The main treatments offered at IRCA focus on malignant and benign brain tumours, neurovascular diseases and also functional diseases.

As already mentioned, the ZAP-X is the most advanced stereotactic brain radiosurgery system in the sector, with cutting-edge technological innovation. And as we have already mentioned, it can be used to treat different pathologies, providing highly relevant data to support medical results and efficiency.

Thanks to the ZAP-X, IRCA can offer treatments that are specially personalised for each patient, thinking not only of their recovery but also of their wellbeing throughout the process.


Neurovascular diseases

Neurovascular diseases affect the blood vessels in the brain through a blockage (infarction) or a rupture (haemorrhage). Effective treatment such as that offered by ZAP-X can prevent any sequelae.

Arteriovenous malformation (AVM)

This is a disease that alters the vital process of the blood. Usually located in the brain and spinal cord (although not very frequent), this pathology changes the dynamics of the blood vessels. Arteries carry oxygenated blood from the heart to the brain, and veins carry oxygen-depleted blood back to the lungs and heart. A person with an arteriovenous malformation suffers from a disturbance in the function of the arteries.

It usually manifests itself as bleeding due to pressure and tissue damage, which eventually ruptures and bleeds. However, there are also other common symptoms: seizures, headache (may be focal) or muscle weakness.

There is no clear cause as to why the disease occurs. What has been proven is that it is not an inherited disease, although it is formed during foetal development.


This is a vascular malformation in which there is a collection of cells that squeeze the blood vessels, called endothelium. Its size varies from 2 millimetres to several centimetres. This vascular malformation, also known as cavernous angioma, can develop into a more complex composition: multiple cavernomatosis.
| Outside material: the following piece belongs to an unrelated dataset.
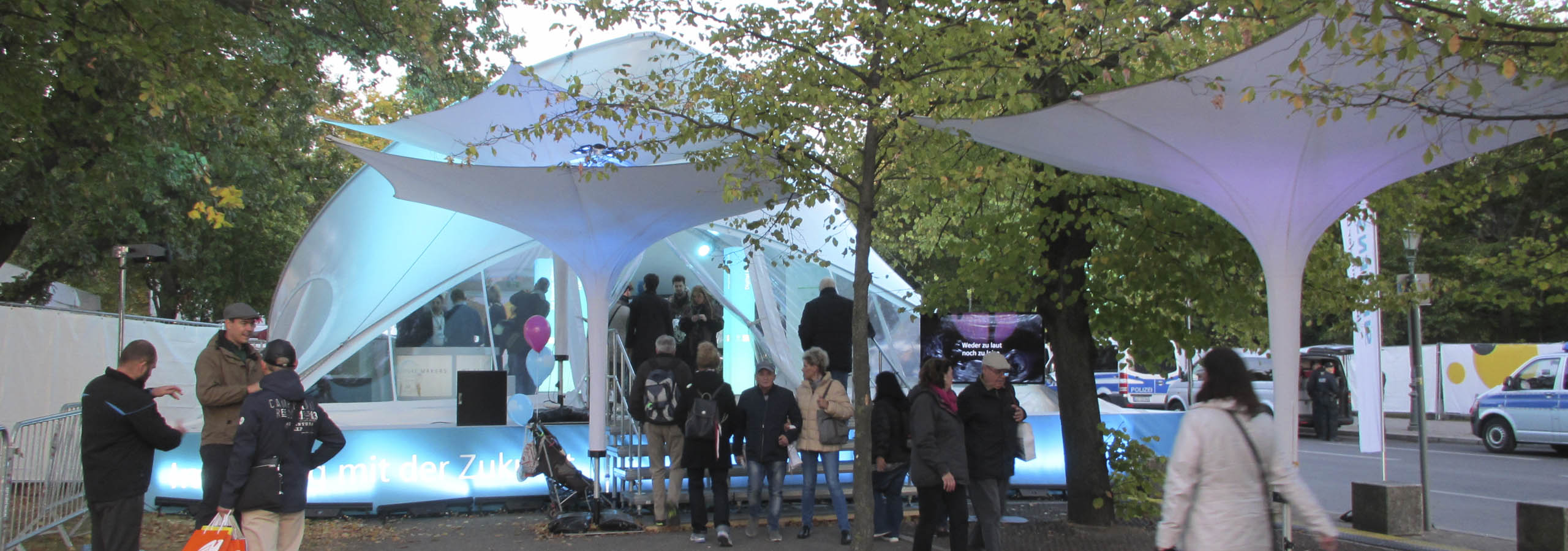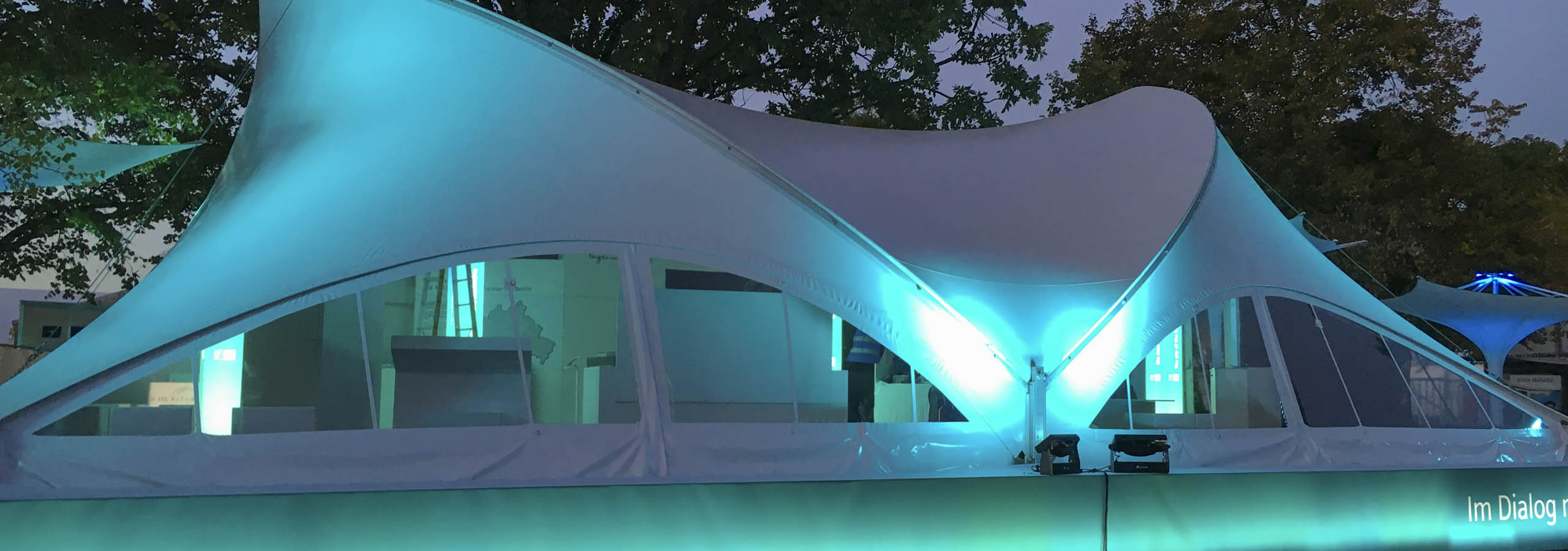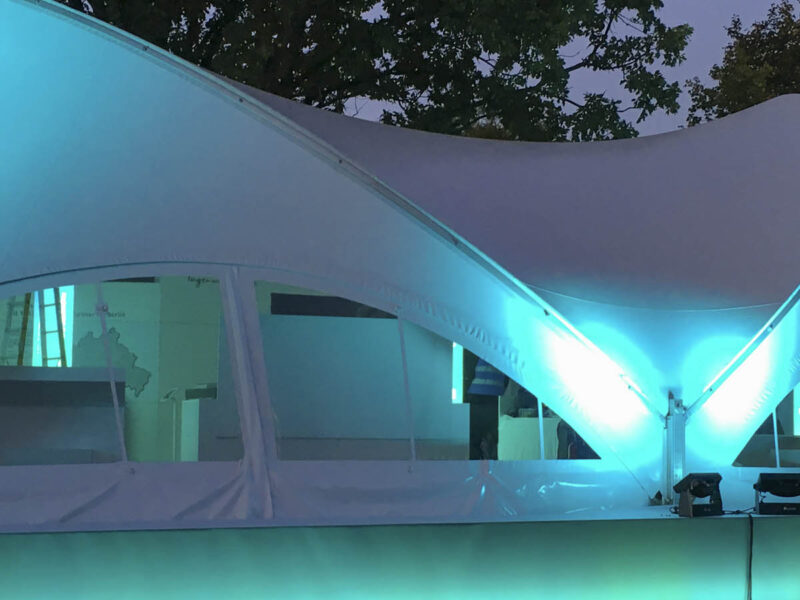 De aceea, stâlpii de beton existenți pe șantier și o pantă de 30 cm la Bürgerfest pentru Ziua Unității Germane nu au mai reprezentat o problemă. În plus, balastul necesar pentru cort a putut fi integrat în construcție.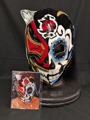 プロレスマスク PUKUPUKU工房製【マスクド・デビロック/棚橋弘至(銀ラメ×赤フチ)】 タグ付き

It can develop without obvious signs. However, there are common symptoms ranging from seizures and fatigue to difficulty speaking and understanding others. It can also manifest with nausea, loss of vision or difficulties with balance.

In this case, unlike arteriovenous malformation, cavernoma is due to hereditary causes. However, they can also develop naturally on their own, or even as a side effect after focal brain radiotherapy treatment.

Glomus jugulare tumour

Although treated as a neurovascular disease, glomus jugulare is a rare benign tumour located in the part of the temporal bone (between the middle and inner ear). In fact, it is also known as a glomus tympani jugulare tumour. However, the damage can affect both the ear and the upper part of the neck, as well as the base of the skull, and even the surrounding nerves and blood vessels.

In this case, the cause of the glomus jugulare tumour is also unknown. And although cases confirm that it usually appears from the age of 60 onwards, it can occur at any age. It is therefore not related to tissue ageing either.

The glomus jugulare tumour is usually small, so it can always be treated with a simple intervention. If it is not treated in time, it can be complicated by hearing loss or ear noise, and in the most extreme case, even facial paralysis.